Bolsonaro parece enxergar o mundo como o CEO que reduziu o bônus do meu amigo. A derrota de Doria (no caso, a interrupção da testagem da Coronavac) é sua vitória. Talvez Doria, a julgar por sua natureza competitiva, também tenha um comportamento semelhante, embora mais discreto. Mas essa rivalidade acaba respingando nos interesses do povo brasileiro.

Todos temos de torcer pela eficácia das vacinas, sejam elas fabricadas na China, em Oxford ou na Tonga da Mironga do Kabuletê. O que está em jogo, além da saúde e da vida das pessoas, é a viabilidade econômica dos países. Torcer para que a Coronavac dê errado é mesquinho, assim como seria desprezível torcer pelo fracasso do imunizante de Oxford.

Além do ímpeto pela rivalidade, Bolsonaro também prima pela ansiedade em reagir rapidamente aos acontecimentos. Essa sofreguidão acaba por colocá-lo em situações vexatórias. O “evento adverso grave” divulgado pela Anvisa, razão para interromper os testes com a vacina sintetizada na China, foi uma morte entre os voluntários.

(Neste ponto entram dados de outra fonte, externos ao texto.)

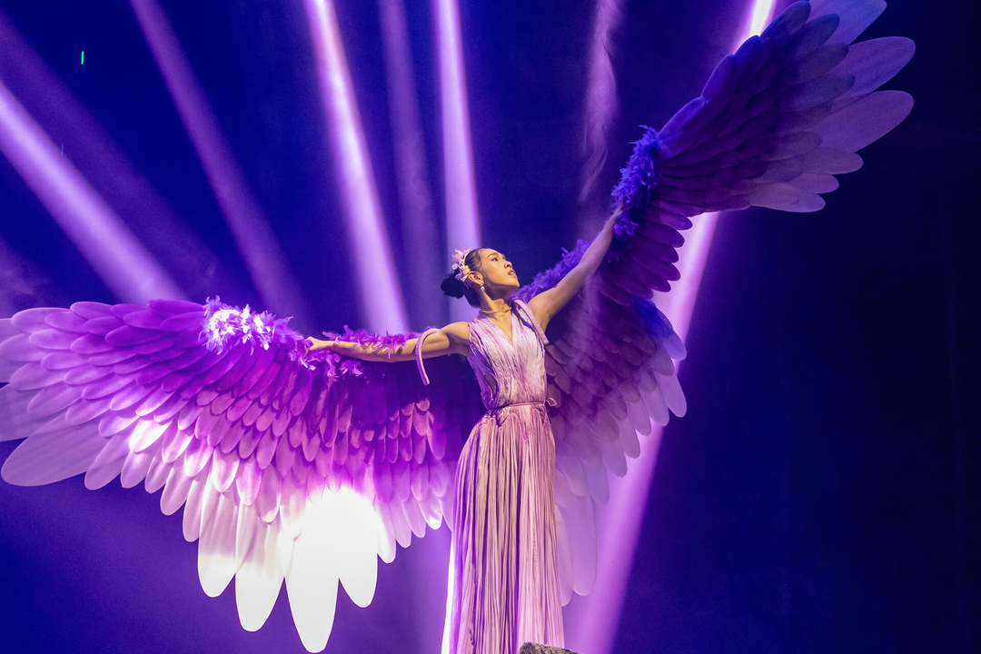 Tình yêu giữa Tiên và Người, với mình, là phép ẩn dụ hoàn hảo cho chính Đà Nẵng: một thành phố giao hòa giữa quá khứ – những di sản văn hóa phong phú – và hiện tại – sự bứt phá, đổi mới đầy táo bạo. Những hình ảnh như cây đa ngàn năm, vọoc chà vá chân nâu, hay hoa Thàn Mát, làng chài ven biển… không chỉ là điểm nhấn sân khấu mà còn là những thông điệp sinh thái, là lời nhắc nhớ về bản sắc không thể tách rời của Đà Nẵng. Áo dài và khung dệt – cũng vốn gắn liền với hình ảnh người phụ nữ Việt xưa – được thể hiện trong không gian sân khấu đầy ánh sáng, âm nhạc điện tử – khiến quá khứ và hiện đại gặp nhau không gượng ép, mà chan hòa vô cùng tận.
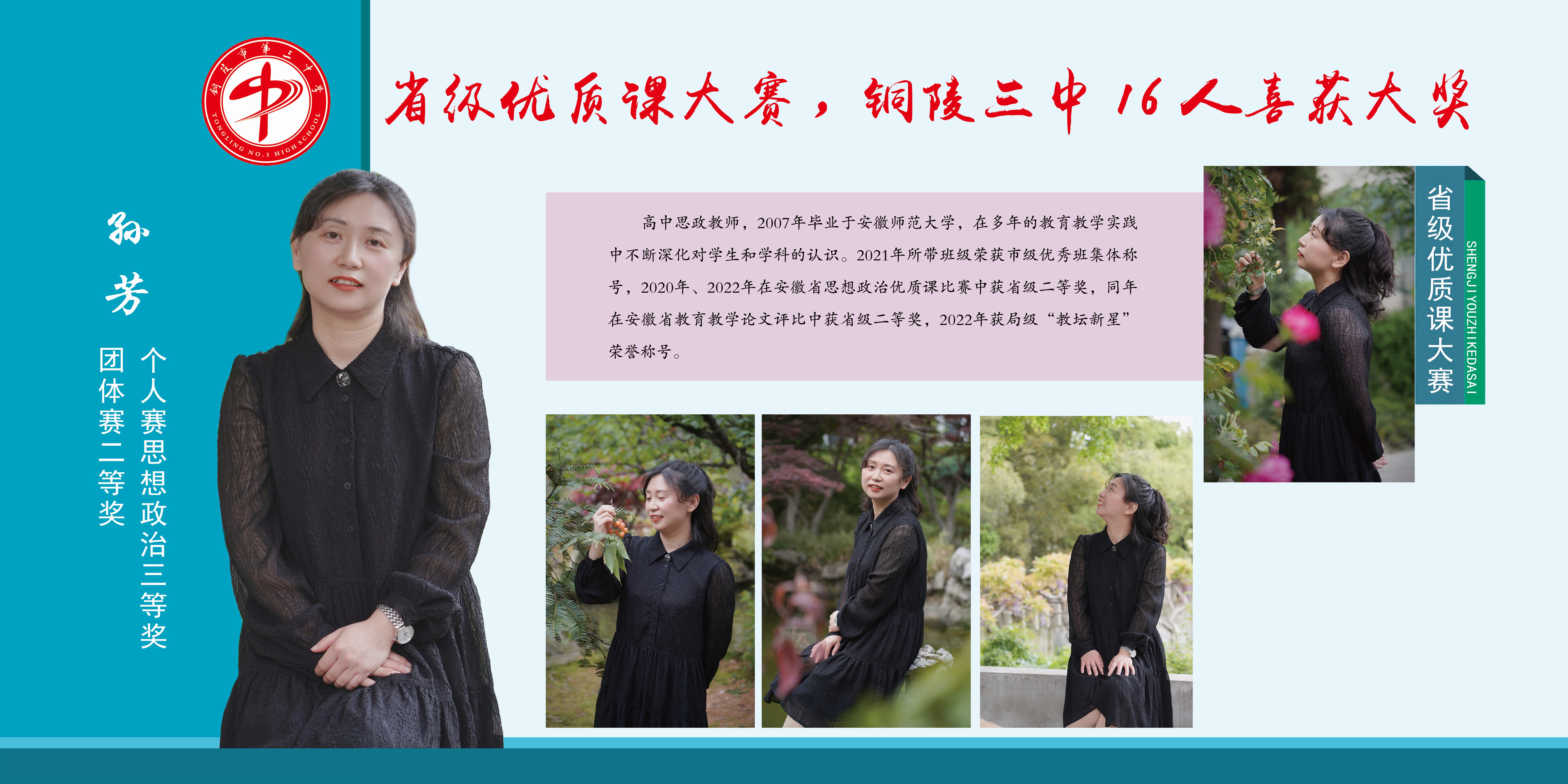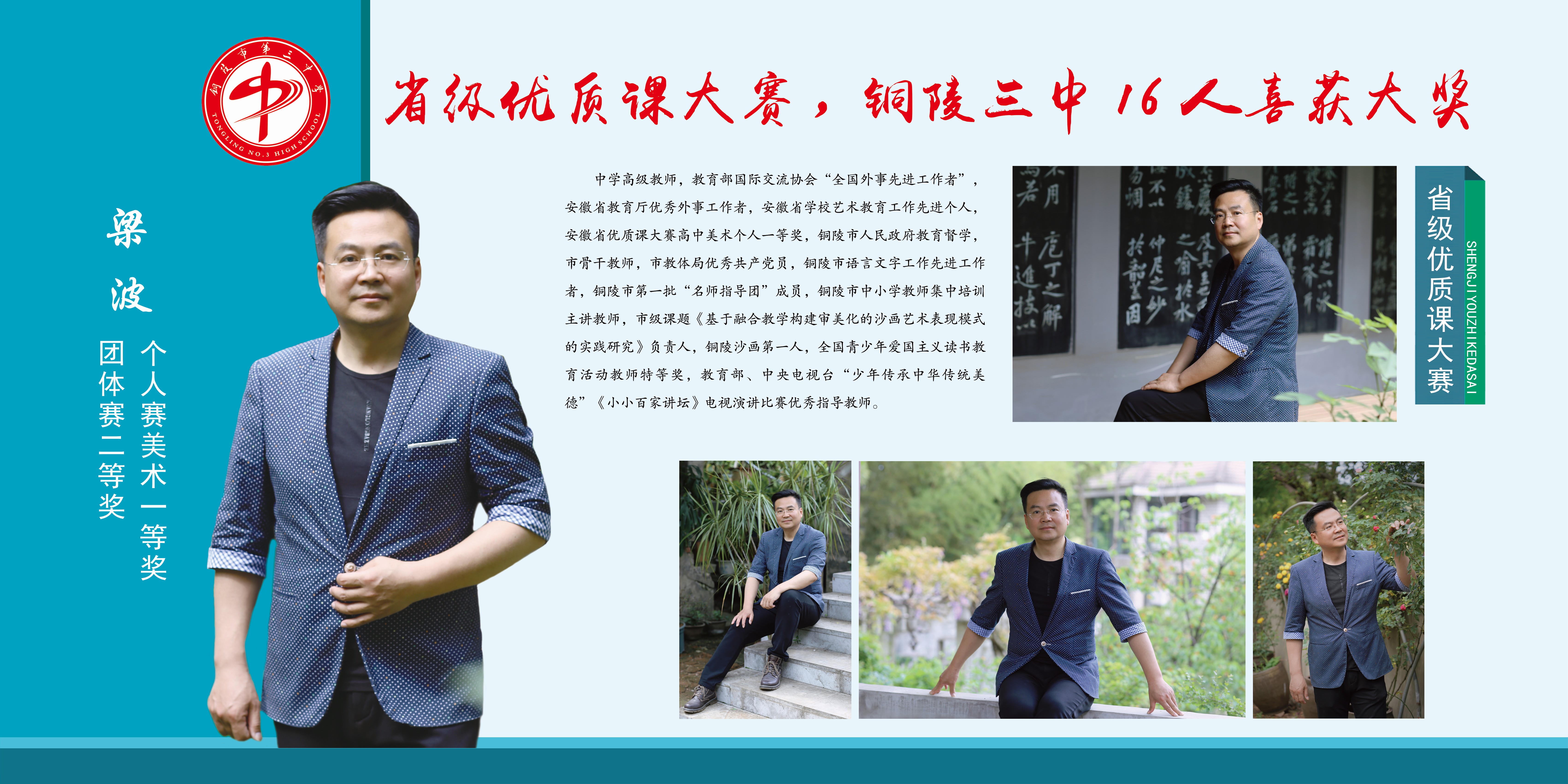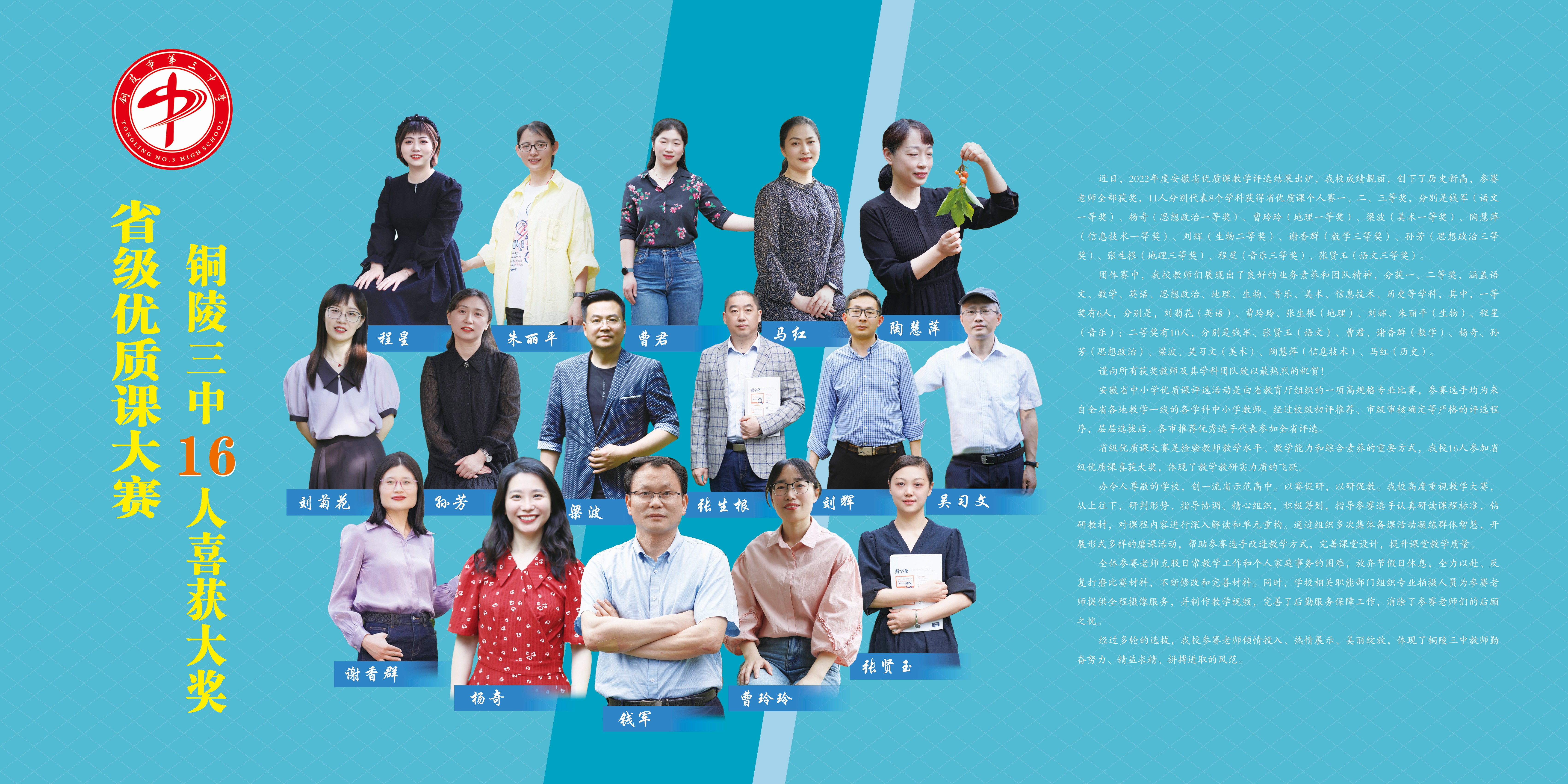 近日,2022年度安徽省优质课教学评选结果出炉,我校成绩靓丽,创下了历史新高,参赛老师全部获奖,11人分别代表8个学科获得省优质课个人赛一、二、三等奖,分别是钱军(语文一等奖)、杨奇(思想政治一等奖)、曹玲玲(地理一等奖)、梁波(美术一等奖)、陶慧萍(信息技术一等奖)、刘辉(生物二等奖)、谢香群(数学三等奖)、孙芳(思想政治三等奖)、张生根(地理三等奖)、程星(音乐三等奖)、张贤玉(语文三等奖)。

Ocorre que o falecimento se deu por conta de um suicídio. Apesar disso, as hostes bolsonaristas nas redes sociais continuaram a botar lenha na fogueira, afirmando que um dos efeitos colaterais das vacinas é justamente a depressão, que pode levar alguém a atentar contra a própria vida. Essa tese, no entanto, não tem amparo científico e há 50 % de chances de a vítima ter sido injetada com um placebo em vez de ter recebido os imunizantes.

Outro aspecto da personalidade do presidente é a teimosia em certos temas. Isso vale para a derrota de Donald Trump nas eleições presidenciais americanas. O resultado oficial ainda não saiu e o Colégio Eleitoral só se reunirá em 14 de dezembro. Mas a apuração mostra claramente que Joe Biden deve vencer por 306 votos contra 232 (o placar, até hoje de manhã, estava 290 a 217). Bolsonaro aparentemente acreditou nas acusações de fraude eleitoral na Pensilvânia (nenhuma prova apresentada até agora, diga-se) e não cumprimentou o democrata. Vamos supor que houve burla naquele estado e que esses os votos do Colégio Eleitoral acabem indo para os republicanos. Ainda assim, Biden continuaria vencedor, obtendo 286 contra 252. Apesar dessas evidências, Bolsonaro prefere enxergar a vitória de Biden como sua derrota. Não é. Trata-se apenas de uma alternância de poder normal dentro da democracia americana.

No rastro dessa confusão, o presidente ainda provocou os americanos em relação à Amazônia, dizendo o seguinte: “Assistimos a um grande candidato a chefia de Estado (referindo-se a Biden) dizendo que, se eu não apagar o fogo da Amazônia, ele vai levantar barreiras comerciais contra o Brasil (…) Apenas na diplomacia não dá (…) Quando acaba a saliva tem que ter pólvora”. A insinuação de um conflito armado entre Brasil e Estados Unidos lembra o enredo do filme “O Rato que Ruge”, no qual um país fictício (Grão-Ducado de Fenwick) declara guerra aos americanos. É algo tão descabido que não pode sequer ser cogitado.

Se continuar com essa atitude, Bolsonaro vai esgotar rapidamente a boa vontade que o próximo governo americano terá em relação ao Brasil. E, se isso acontecer, as consequências podem, sim, se transformar em uma grande derrota – não apenas para Bolsonaro, mas para o país como um todo.